◆ Task statement ◆
Look below for the line that contains "aplikasi virtual DJ" and the line that contains "- Bộ khóa bao", then restate both of them and every line in between, exactly. No picture goes in the copy.

◆ Task material ◆
----------------------------------------
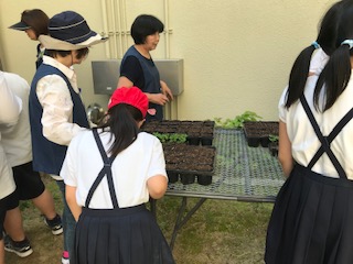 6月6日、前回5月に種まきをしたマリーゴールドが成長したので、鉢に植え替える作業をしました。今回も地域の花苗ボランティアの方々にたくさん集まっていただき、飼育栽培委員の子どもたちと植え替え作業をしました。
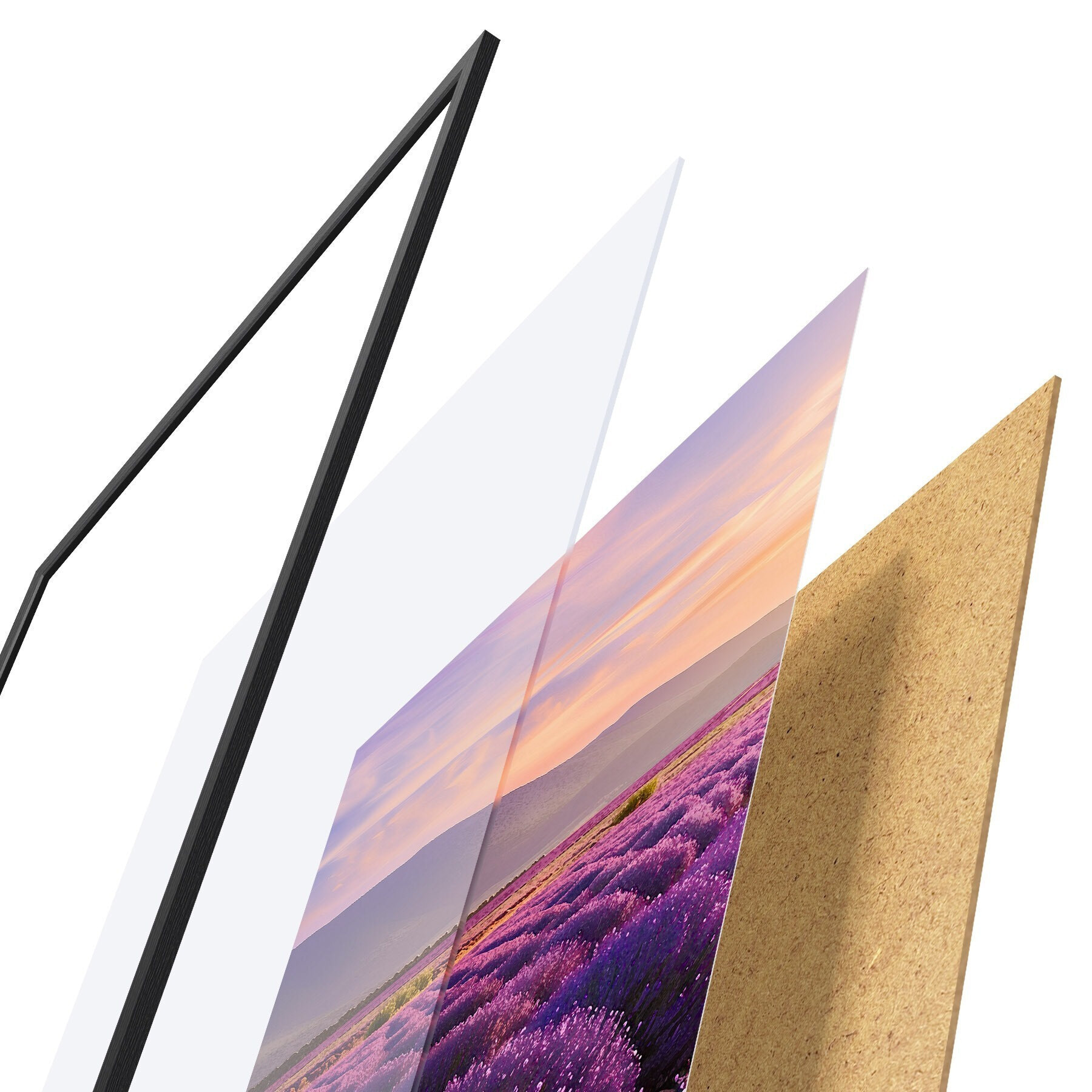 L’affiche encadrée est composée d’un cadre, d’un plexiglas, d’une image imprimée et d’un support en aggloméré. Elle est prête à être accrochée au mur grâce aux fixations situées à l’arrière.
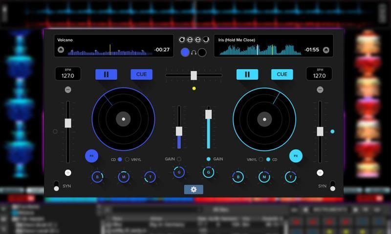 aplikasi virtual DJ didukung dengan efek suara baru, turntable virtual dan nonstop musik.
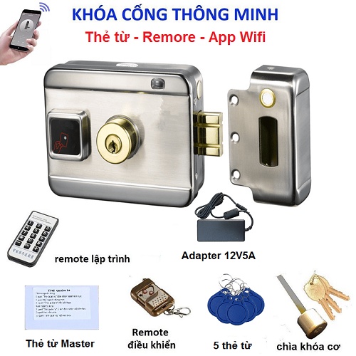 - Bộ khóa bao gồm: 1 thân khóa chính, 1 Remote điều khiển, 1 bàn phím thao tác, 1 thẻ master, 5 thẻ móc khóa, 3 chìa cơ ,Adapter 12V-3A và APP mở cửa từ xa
----------------------------------------
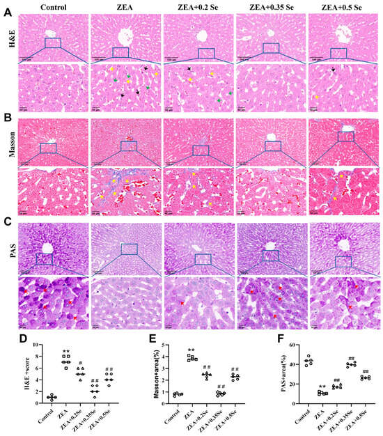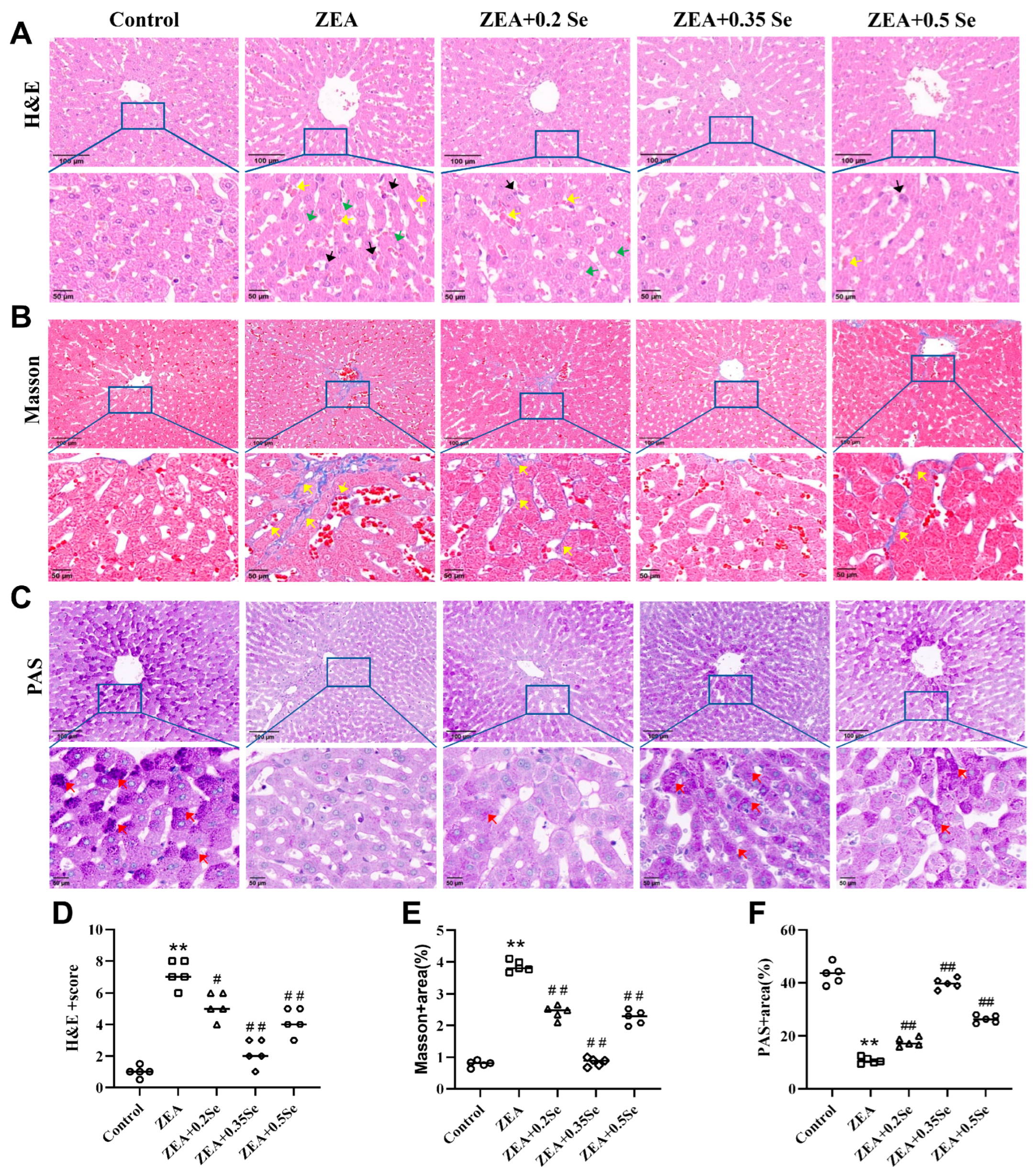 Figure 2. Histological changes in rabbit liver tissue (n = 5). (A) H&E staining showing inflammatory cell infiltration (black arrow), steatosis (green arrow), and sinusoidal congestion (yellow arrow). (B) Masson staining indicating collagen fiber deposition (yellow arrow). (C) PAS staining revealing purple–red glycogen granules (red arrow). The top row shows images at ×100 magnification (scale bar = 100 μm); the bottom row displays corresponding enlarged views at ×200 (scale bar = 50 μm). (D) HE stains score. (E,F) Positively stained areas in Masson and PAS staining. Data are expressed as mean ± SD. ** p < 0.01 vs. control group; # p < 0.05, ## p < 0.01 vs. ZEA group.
----------------------------------------
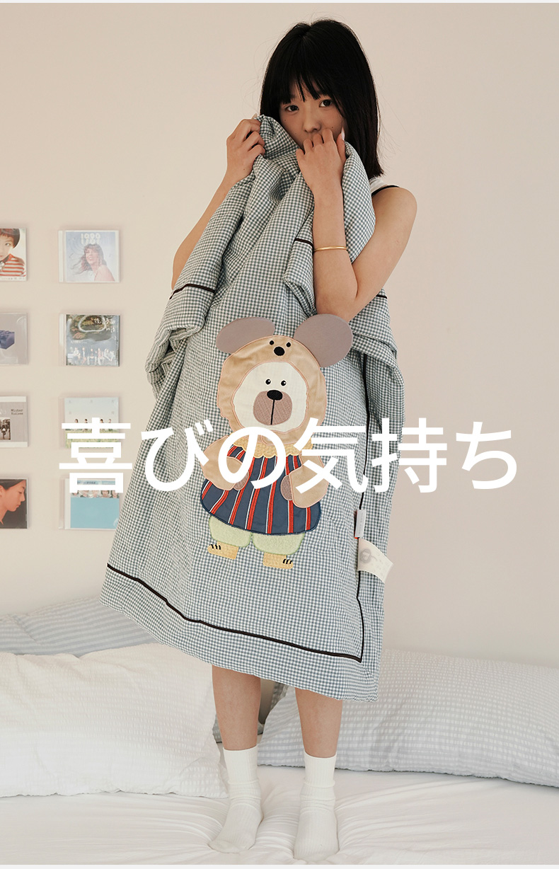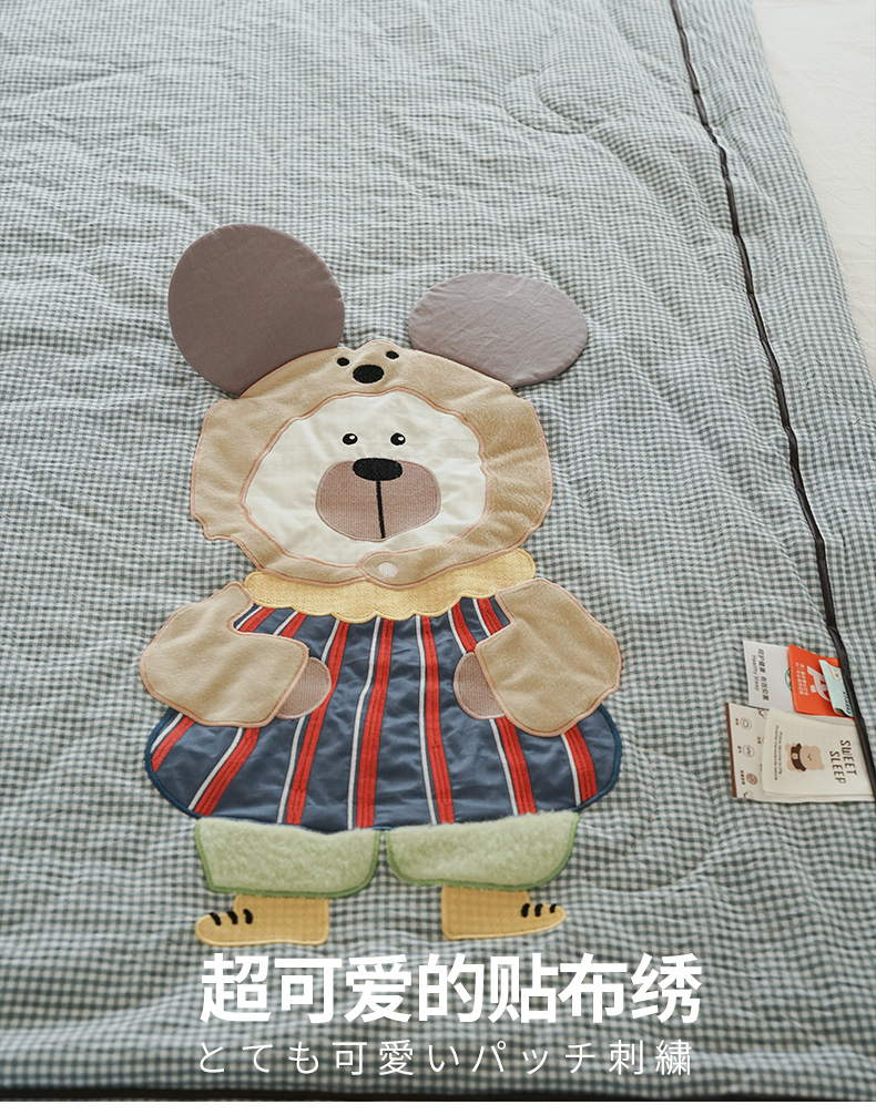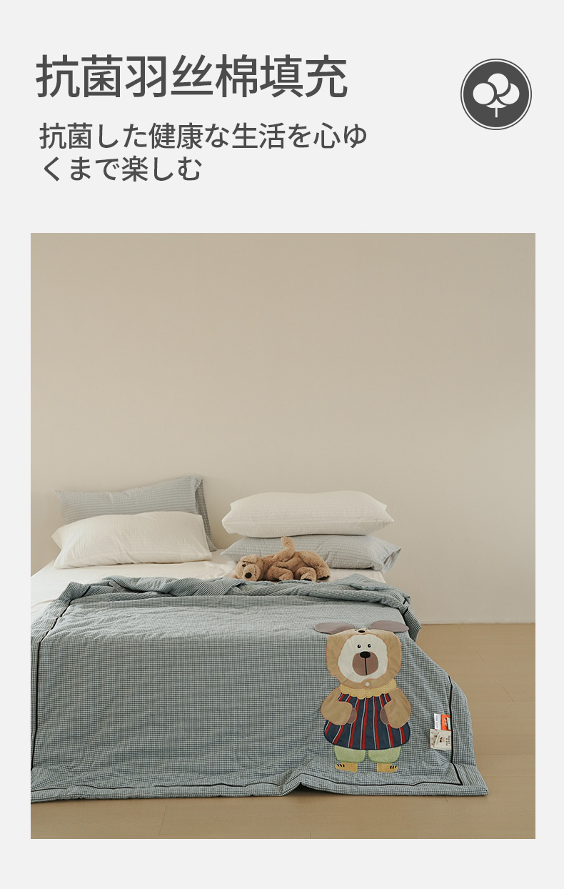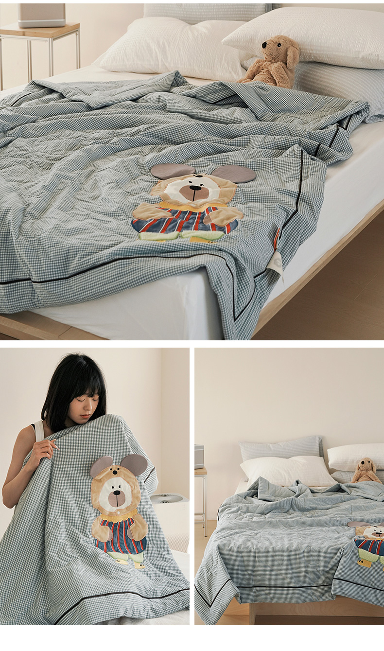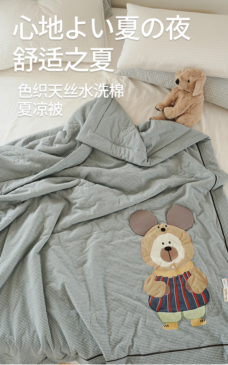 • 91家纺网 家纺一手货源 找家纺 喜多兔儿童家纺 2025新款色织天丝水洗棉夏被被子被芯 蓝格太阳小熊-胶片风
----------------------------------------
◆ Written solution ◆
 aplikasi virtual DJ didukung dengan efek suara baru, turntable virtual dan nonstop musik.
 - Bộ khóa bao gồm: 1 thân khóa chính, 1 Remote điều khiển, 1 bàn phím thao tác, 1 thẻ master, 5 thẻ móc khóa, 3 chìa cơ ,Adapter 12V-3A và APP mở cửa từ xa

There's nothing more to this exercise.